Data extracts section start

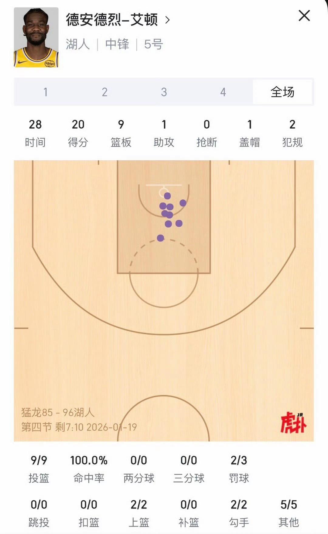 湖人该赢球了吧!湖人106-89领先猛龙16分,最后3分19秒。 湖人能不能赢球东契奇和詹姆斯是基本盘,艾顿是那个X因素,艾顿这场打得不错,20分9板,9投9中。 如果全场比赛只有25分钟,詹姆斯还是联盟顶尖。他的防守能力其实也还在,只不过全场让他又攻又防,体力确实跟不上。除了体力,其他真没任何毛病。
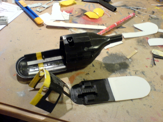 Grüne Linie(n): An diesen Stellen muss später eingefügt werden. Bitte beachten, dass am unteren Teil unbedingt vor dem Loch für's Landegestell (--> blauer Pfeil) eingefügt werden muss, da man sonst noch die Kufen verlängern müsste. Wäre nicht so dramatisch, entspricht aber nicht dem Original - und warum Arbeit machen?
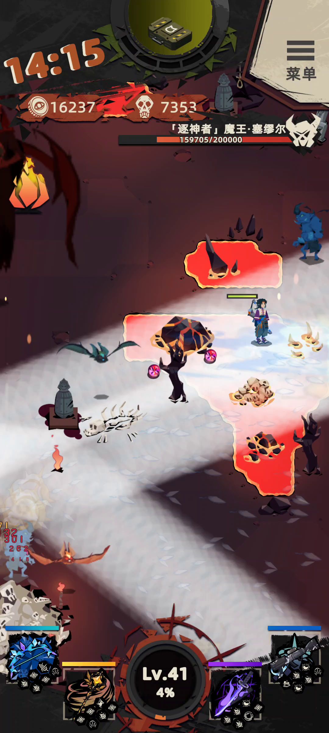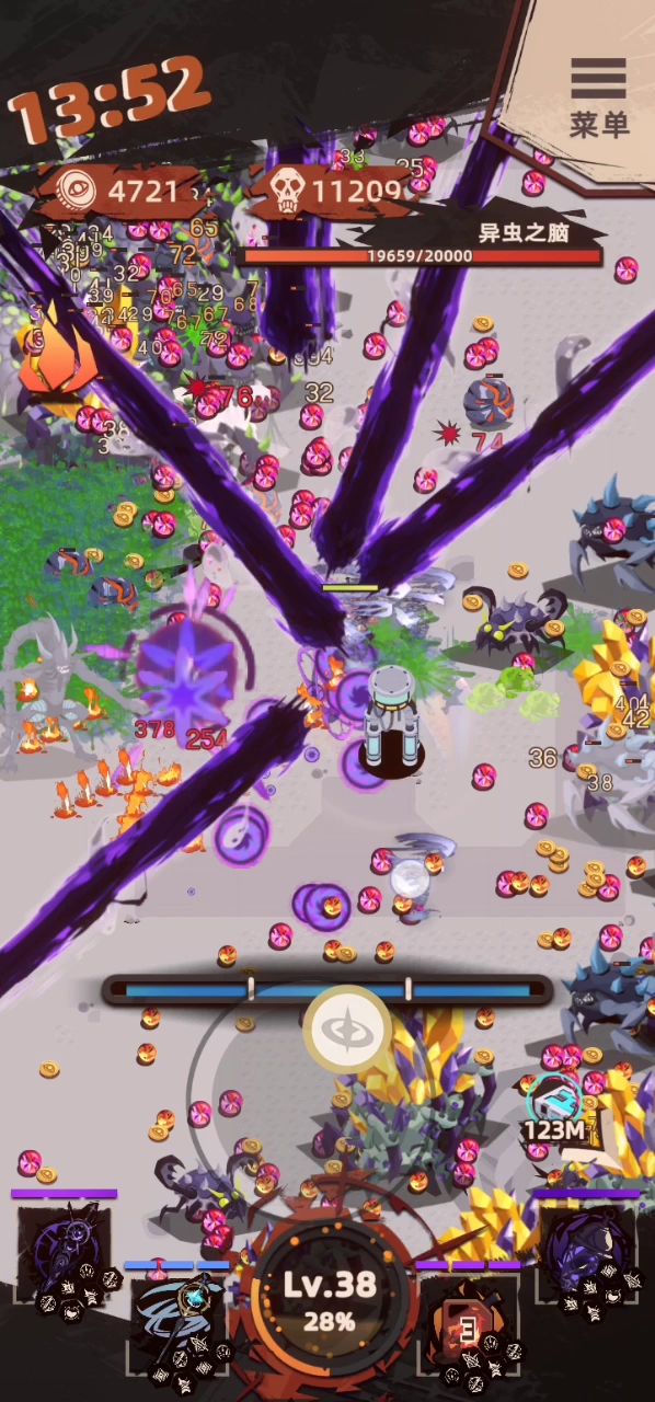 开局优先升级攻击速度,点双发和瞬发加爆炸,重置烟花,可以让怪物直接击退到屏外 用紫镰刀削弱怪物提升攻击力,红枪清理冲刺到面前的敌怪加强续航,绿刀提升近处的清怪能力。#攻略#单机游戏#宝藏厂商
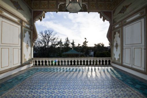Geniş bir eyvanla girildiğini belirttiğimiz zemin kat sofası çini kaplıdır, tam ortada restorasyon çalışması sırasında tekrar yapıya getirilen mermer havuz görülmektedir. Havuzun esas yapısı orijinal olup, eski fotoğraflarda görülen çevre alanı yeni yapılmıştır. Orta sofanın sağında iki ahşap kolon ile ana hacimden ayrılan merdiven evi yer almaktadır. Geniş bir ahşap merdiven üst kata ulaşımı sağlar. Bu hacmin hemen karşısında, benzer şekilde iki ahşap kolonla sofadan ayrılan bir eyvan bulunmaktadır. Tüm bu hacimlerin duvarları kalemişi panolarla süslüdür. Tavanlar ise ahşap çıtalarla bölümlere ayrılmış olup, değişik motiflerle bezenmiştir. Girişin her iki yanında yer alan dikdörtgen odaların duvar ve tavanları düz olup, diğer odalara göre çok sadedir. Benzeri saray yapılarındaki odaları gözönüne alarak bu odaların yaver veya hizmetli odaları olduklarını söylemek gerekir. Giriş sofasından iki kanatlı bir kapı ile geçilen arka sofa da dikdörtgen olup, her ki yanında birer küçük oda bulunmaktadır. Bu odaların da hizmetliler tarafından değişik amaçlarla kullanılmakta oldukları düşünülebilir. Arka veya iç sofa diyebileceğimiz orta hacim, üç adet çift kanatlı, camlı kapı ile küçük bir terasa açılmakta, buradan altı basamaklı, taş korkuluklu bir mermer merdivenle bahçeye ulaşılmaktadır.
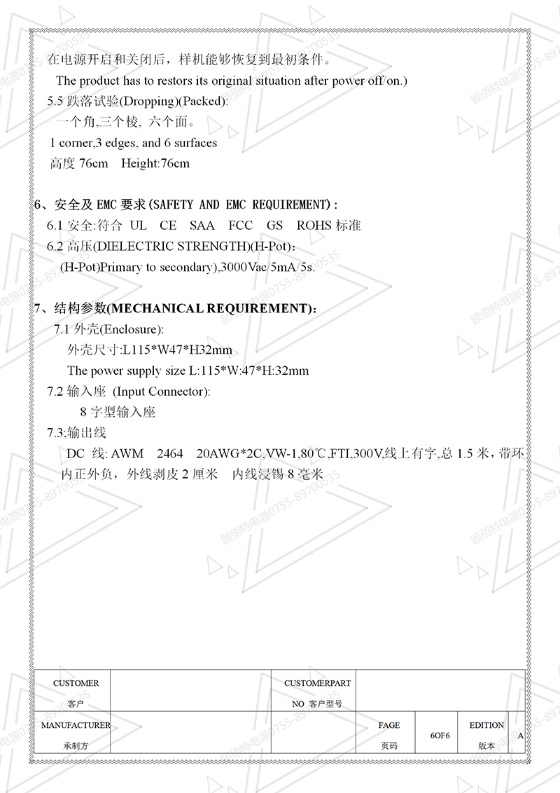 電源規(guī)格書
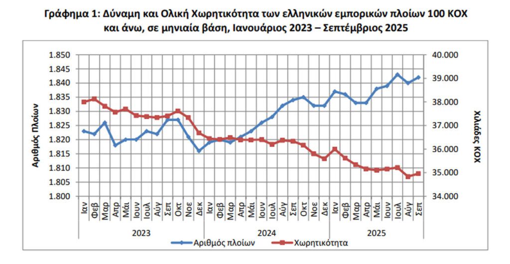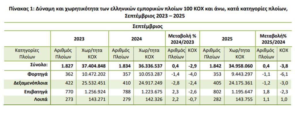 • Η Ολική Χωρητικότητα του Ελληνικού Εμπορικού Στόλου, από πλοία 100 ΚΟΧ και άνω, παρουσίασε μείωση κατά 3,8% τον μήνα Σεπτέμβριο 2025 σε σύγκριση με την αντίστοιχη χωρητικότητα του Σεπτεμβρίου 2024.
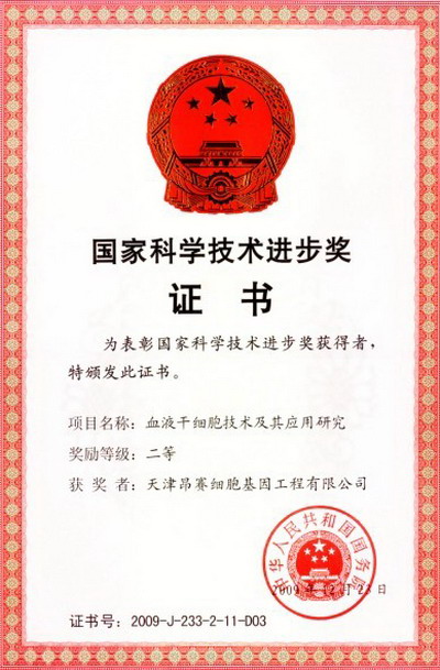 天津昂賽細(xì)胞基因工程有限公司獲得國家科技進(jìn)步二等獎
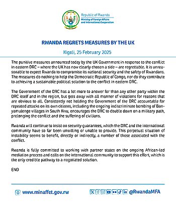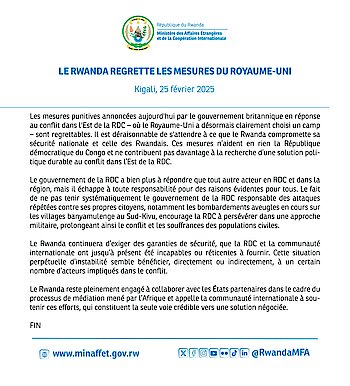 Kigali, 25 February 2025 - The punitive measures announced today by the UK Government in response to the conflict in eastern DRC – where the UK has…
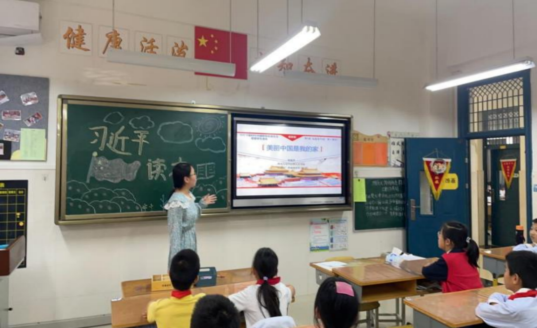 张依芳主讲的内容是《美丽中国是我的家》,她先播放了《大美中国》的视频,激发起小朋友们对我国党史国情的学习兴趣,又以讲故事的方式介绍了有关我国国旗、国徽、国歌的相关知识,让同学们开阔视野、增长见识,同时也让他们明白爱国不应停留在口号上,而要从生活中一点一滴的小事做起,用实际行动表达对祖国的热爱。
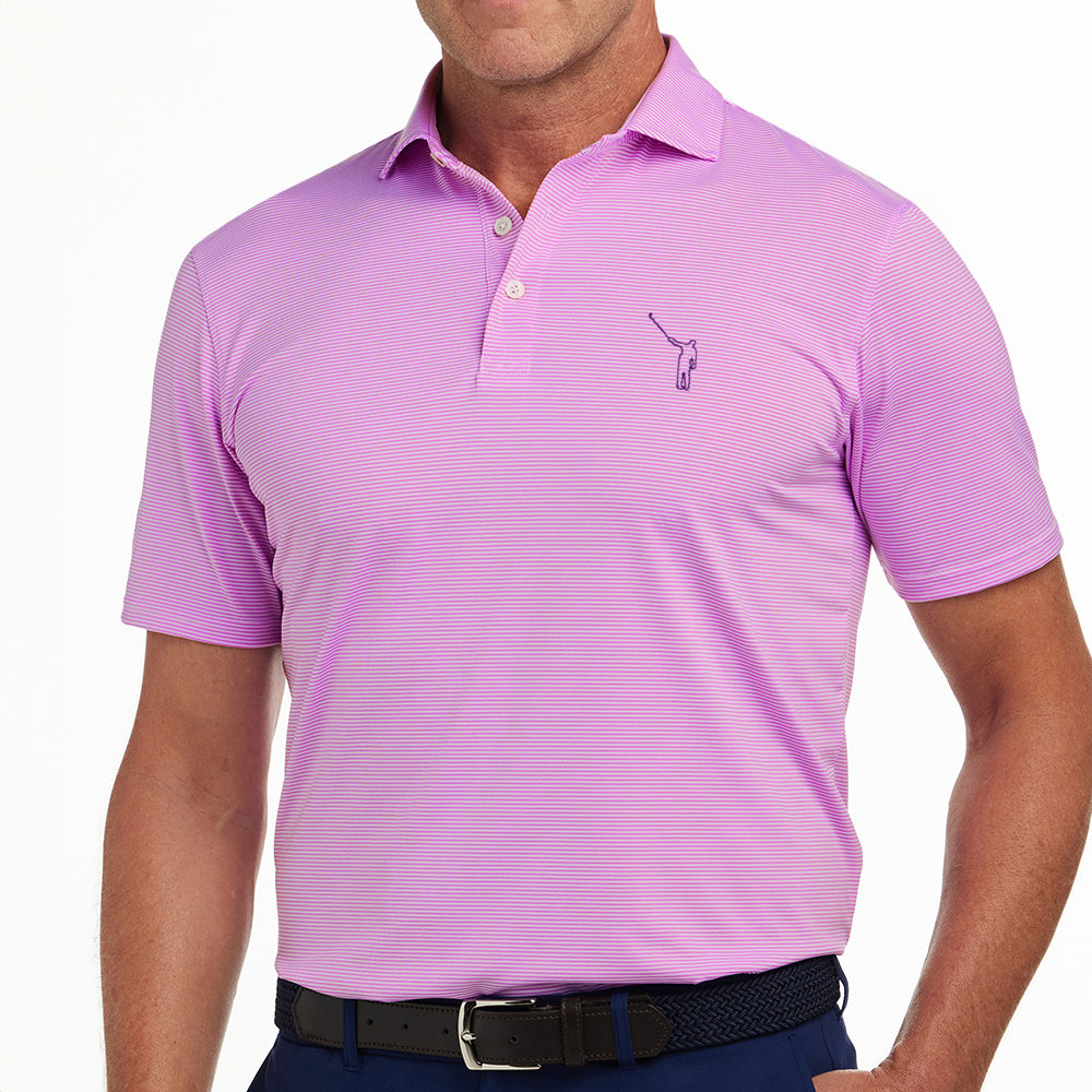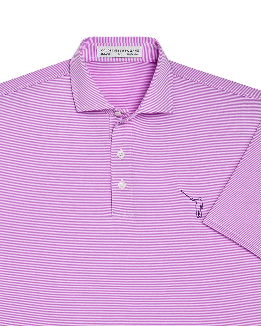 Finished with H&B's signature structured spread collar, genuine trocas shell buttons, and tailored fit, this version features Thistle purple and white stripes accented with our Wayward Drive Outline logo on the chest and a NLU monogram on the back yoke, both in tonal purple.

Data extracts section end

**Task directions:** Every line in the data above needs to be given again exactly, pictures aside.

**Solution to this exercise:**
 湖人该赢球了吧!湖人106-89领先猛龙16分,最后3分19秒。 湖人能不能赢球东契奇和詹姆斯是基本盘,艾顿是那个X因素,艾顿这场打得不错,20分9板,9投9中。 如果全场比赛只有25分钟,詹姆斯还是联盟顶尖。他的防守能力其实也还在,只不过全场让他又攻又防,体力确实跟不上。除了体力,其他真没任何毛病。
 Grüne Linie(n): An diesen Stellen muss später eingefügt werden. Bitte beachten, dass am unteren Teil unbedingt vor dem Loch für's Landegestell (--> blauer Pfeil) eingefügt werden muss, da man sonst noch die Kufen verlängern müsste. Wäre nicht so dramatisch, entspricht aber nicht dem Original - und warum Arbeit machen?
 开局优先升级攻击速度,点双发和瞬发加爆炸,重置烟花,可以让怪物直接击退到屏外 用紫镰刀削弱怪物提升攻击力,红枪清理冲刺到面前的敌怪加强续航,绿刀提升近处的清怪能力。#攻略#单机游戏#宝藏厂商
Geniş bir eyvanla girildiğini belirttiğimiz zemin kat sofası çini kaplıdır, tam ortada restorasyon çalışması sırasında tekrar yapıya getirilen mermer havuz görülmektedir. Havuzun esas yapısı orijinal olup, eski fotoğraflarda görülen çevre alanı yeni yapılmıştır. Orta sofanın sağında iki ahşap kolon ile ana hacimden ayrılan merdiven evi yer almaktadır. Geniş bir ahşap merdiven üst kata ulaşımı sağlar. Bu hacmin hemen karşısında, benzer şekilde iki ahşap kolonla sofadan ayrılan bir eyvan bulunmaktadır. Tüm bu hacimlerin duvarları kalemişi panolarla süslüdür. Tavanlar ise ahşap çıtalarla bölümlere ayrılmış olup, değişik motiflerle bezenmiştir. Girişin her iki yanında yer alan dikdörtgen odaların duvar ve tavanları düz olup, diğer odalara göre çok sadedir. Benzeri saray yapılarındaki odaları gözönüne alarak bu odaların yaver veya hizmetli odaları olduklarını söylemek gerekir. Giriş sofasından iki kanatlı bir kapı ile geçilen arka sofa da dikdörtgen olup, her ki yanında birer küçük oda bulunmaktadır. Bu odaların da hizmetliler tarafından değişik amaçlarla kullanılmakta oldukları düşünülebilir. Arka veya iç sofa diyebileceğimiz orta hacim, üç adet çift kanatlı, camlı kapı ile küçük bir terasa açılmakta, buradan altı basamaklı, taş korkuluklu bir mermer merdivenle bahçeye ulaşılmaktadır.
 電源規(guī)格書
 • Η Ολική Χωρητικότητα του Ελληνικού Εμπορικού Στόλου, από πλοία 100 ΚΟΧ και άνω, παρουσίασε μείωση κατά 3,8% τον μήνα Σεπτέμβριο 2025 σε σύγκριση με την αντίστοιχη χωρητικότητα του Σεπτεμβρίου 2024.
 天津昂賽細(xì)胞基因工程有限公司獲得國家科技進(jìn)步二等獎
 Kigali, 25 February 2025 - The punitive measures announced today by the UK Government in response to the conflict in eastern DRC – where the UK has…
 张依芳主讲的内容是《美丽中国是我的家》,她先播放了《大美中国》的视频,激发起小朋友们对我国党史国情的学习兴趣,又以讲故事的方式介绍了有关我国国旗、国徽、国歌的相关知识,让同学们开阔视野、增长见识,同时也让他们明白爱国不应停留在口号上,而要从生活中一点一滴的小事做起,用实际行动表达对祖国的热爱。
 Finished with H&B's signature structured spread collar, genuine trocas shell buttons, and tailored fit, this version features Thistle purple and white stripes accented with our Wayward Drive Outline logo on the chest and a NLU monogram on the back yoke, both in tonal purple.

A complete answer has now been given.